The first printing of 4,000 copies retails for 16.50 Renminbi. The second printing of 10,000 copies is dated April 1989 and retails for 21.50 Renminbi. The third printing of 3,000 copies is dated May 1992 and retails for 21.50 Renminbi. The total number of pages is 490.

ISBN 7805111529 ISBN 9787805111520

== 1995 Lee H. Hill Jr. edition ==

The 1995 edition is edited by Lee H. Hill Jr. and published by Hill-Donnelly Corporation in Tampa, FL, USA. This edition is printed in English text only and covers the earliest, the most valuable, and often most difficult to decipher stamp issues from 1878 to 1911 with enhanced illustrations, detailed descriptions, and specific identification techniques unique to each stamp issue. A total of 138 digitally scanned images of actual stamps are printed in black & white throughout the 202 pages on 8.5 X 11 papers. The book is soft-bound, with gold letters on a blue cover. The additional title "Volume 1 - Empire 1878-1911" is added, as well as an update to the publication date of 1995 on the front cover.

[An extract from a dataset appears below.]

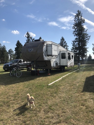 Large sites, Easy back in on grassy sites, Check-In box at the entrance to the RV sites makes Check-In simple. Water and Electric only no dump at lodge but there is a list of local dump locations on the park info and rules sheet. Lodge is in a great location to visit the area.

== 1998 Lee H. Hill Jr. edition ==

The 1998 edition is edited by Lee H. Hill Jr. and published by Hill-Donnelly Corporation in Tampa, FL, USA. This version is supplemented from the 1988 edition with additional enhancements and updated to 1998 prices in US dollars. The book is soft-bound, 558 pages, 8.5 X 11 papers, with gold letters on a blue cover.

== Third edition ==

After five years of work in 2009 the third edition was revised and published by Ma You Zhang (馬佑璋, b. Nov. 1939), the son of the late editor Ma Ren-Chuen and the grandson of the original editor Ma Zung-Sung, and the younger brother of 馬延璋 who published the error reference guide for the second edition. The title of the third edition has been updated to 中國郵票圖鑑 1878 －1949 (Zhong guo you piao tu jian) written in Simplified Chinese. The first printing of this edition was December 2009 by 冮苏人民出版社.

Besides the preface and a table of contents presented in English, all other sections of this book are written in Chinese.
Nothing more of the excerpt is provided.